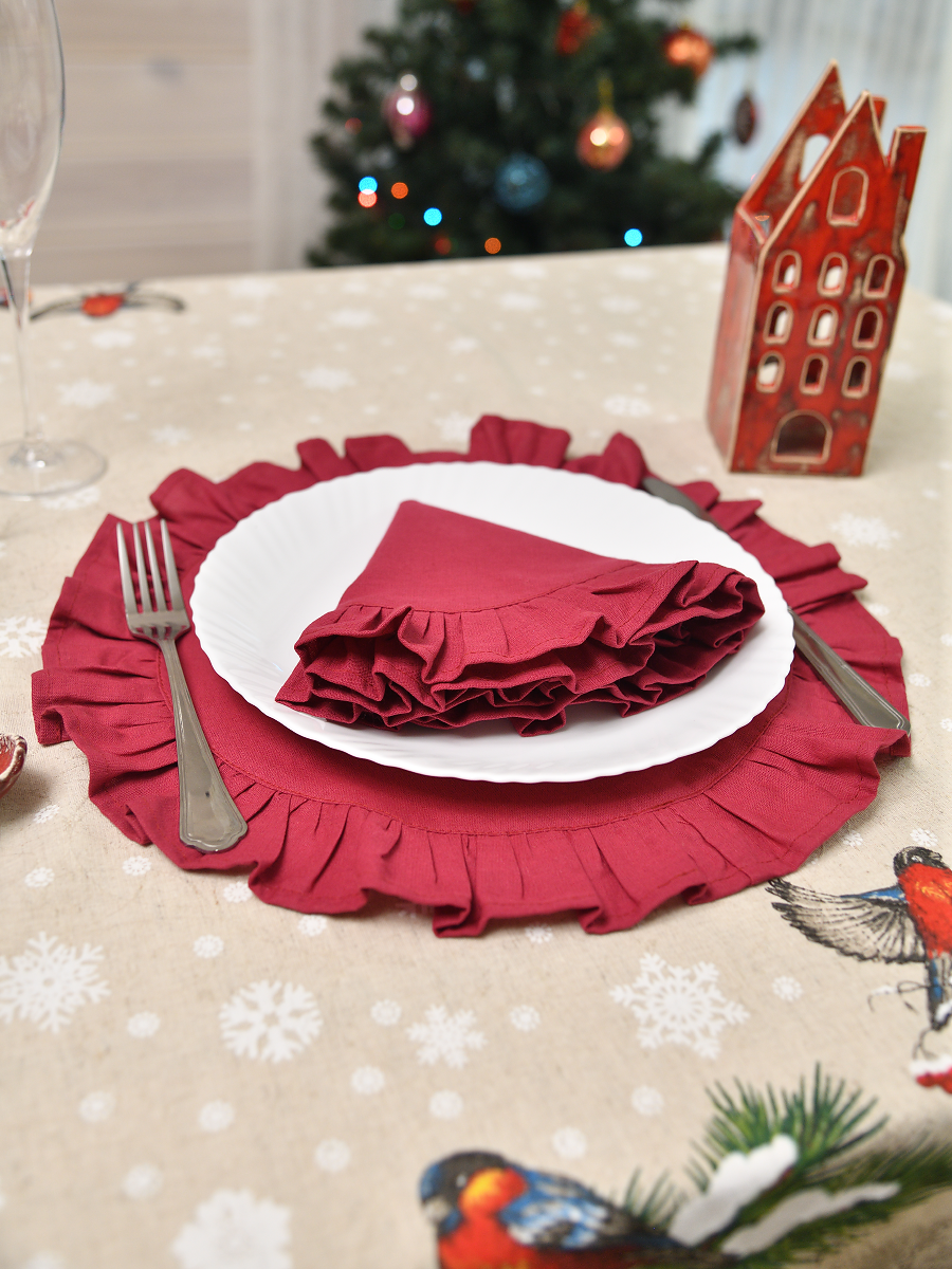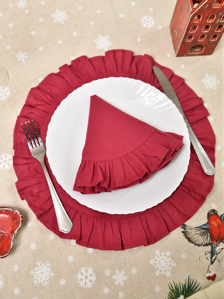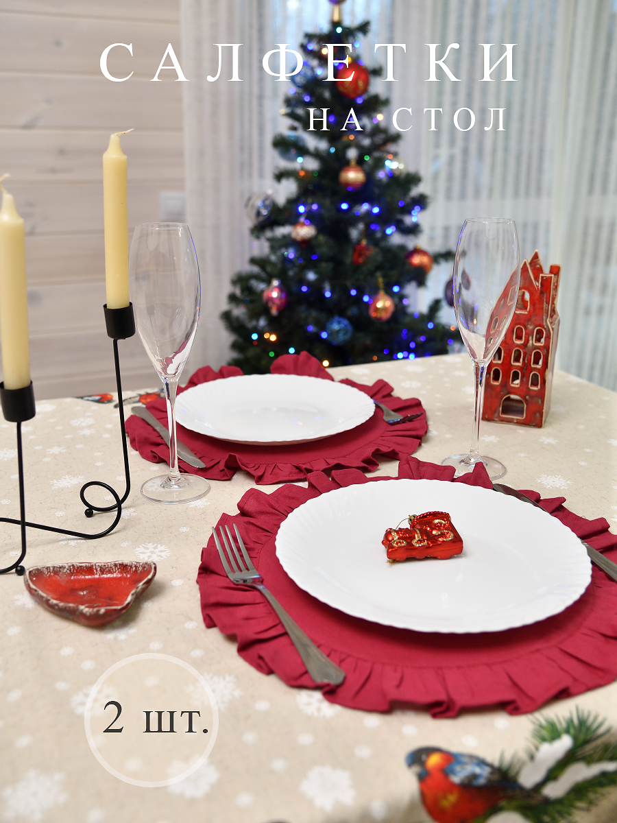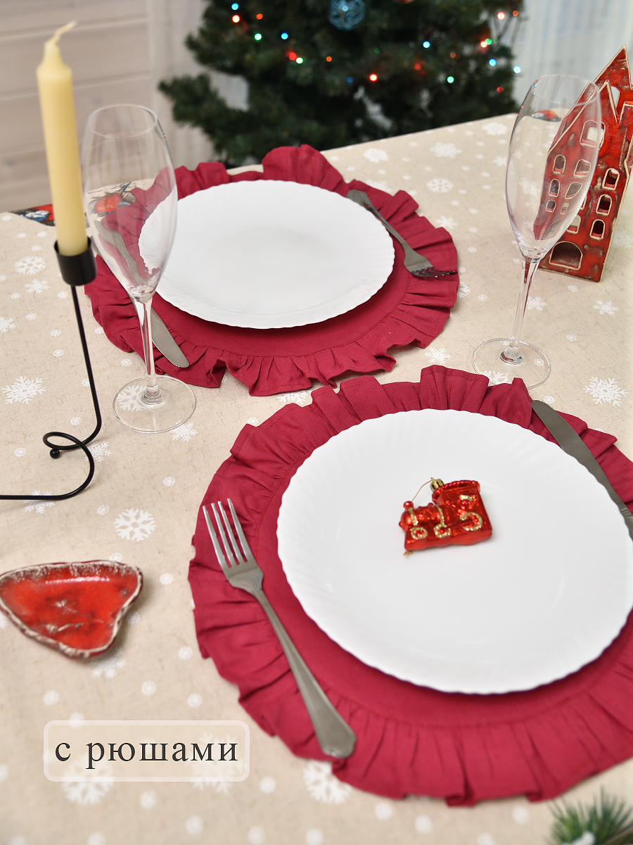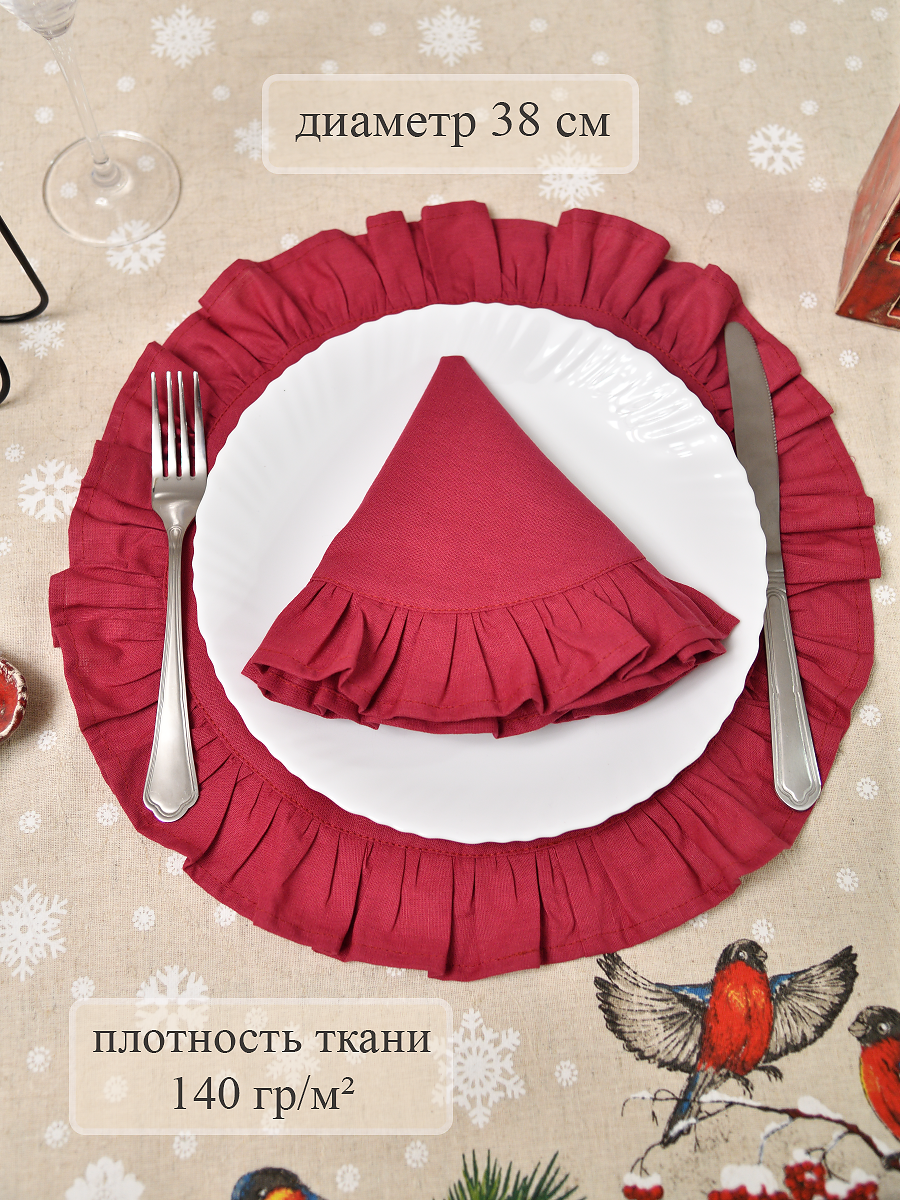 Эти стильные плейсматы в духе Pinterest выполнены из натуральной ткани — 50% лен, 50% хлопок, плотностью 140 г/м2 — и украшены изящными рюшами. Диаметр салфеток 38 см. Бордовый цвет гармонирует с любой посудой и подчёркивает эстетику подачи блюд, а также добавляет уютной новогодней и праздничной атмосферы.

···

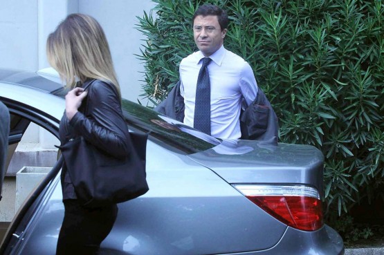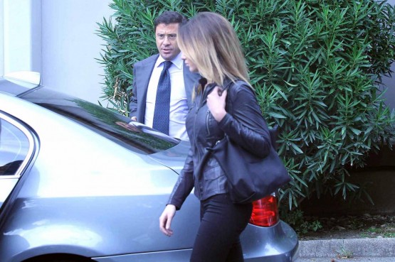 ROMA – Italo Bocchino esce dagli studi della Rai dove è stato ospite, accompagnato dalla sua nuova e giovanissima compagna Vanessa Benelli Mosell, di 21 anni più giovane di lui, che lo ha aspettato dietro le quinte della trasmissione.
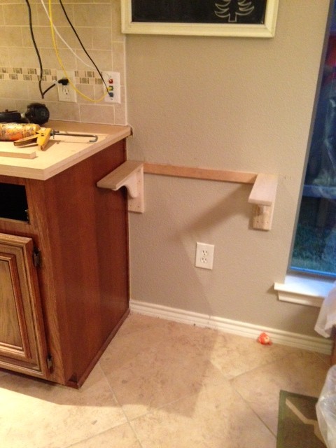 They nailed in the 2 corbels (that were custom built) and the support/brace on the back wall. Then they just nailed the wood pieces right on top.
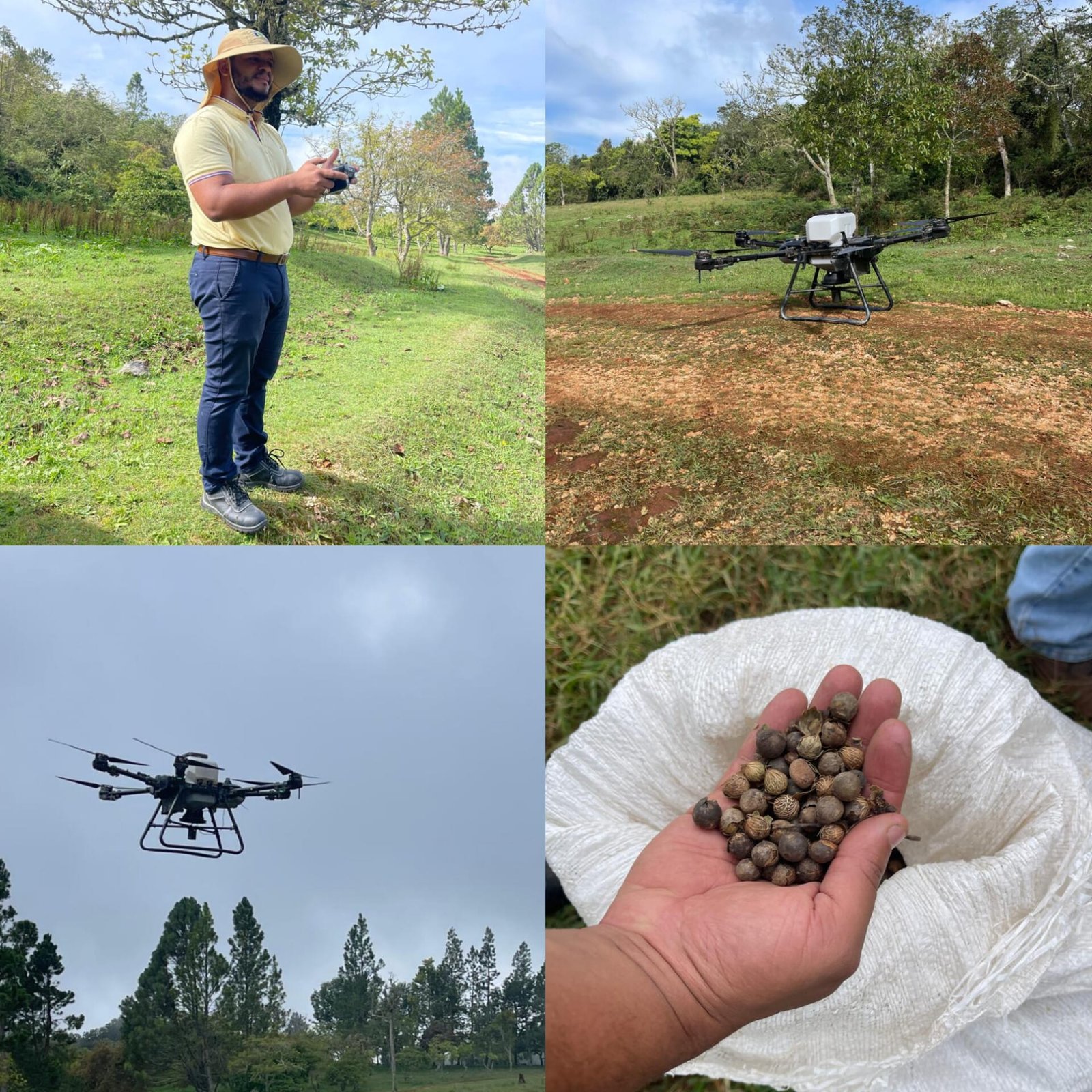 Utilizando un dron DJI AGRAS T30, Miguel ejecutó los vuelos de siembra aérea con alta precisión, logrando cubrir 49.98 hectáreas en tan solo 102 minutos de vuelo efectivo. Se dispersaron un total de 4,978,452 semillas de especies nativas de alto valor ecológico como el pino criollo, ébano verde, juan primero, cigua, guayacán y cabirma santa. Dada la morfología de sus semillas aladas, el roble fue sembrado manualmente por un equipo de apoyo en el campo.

···

_AIM OF THE EXERCISE:_ Working from the records above, set down word for word everything from the line containing "ROMA – Italo" down to the line containing "They nailed in", ends included, minus the pictures.

_WRITTEN SOLUTION:_
 ROMA – Italo Bocchino esce dagli studi della Rai dove è stato ospite, accompagnato dalla sua nuova e giovanissima compagna Vanessa Benelli Mosell, di 21 anni più giovane di lui, che lo ha aspettato dietro le quinte della trasmissione.
 They nailed in the 2 corbels (that were custom built) and the support/brace on the back wall. Then they just nailed the wood pieces right on top.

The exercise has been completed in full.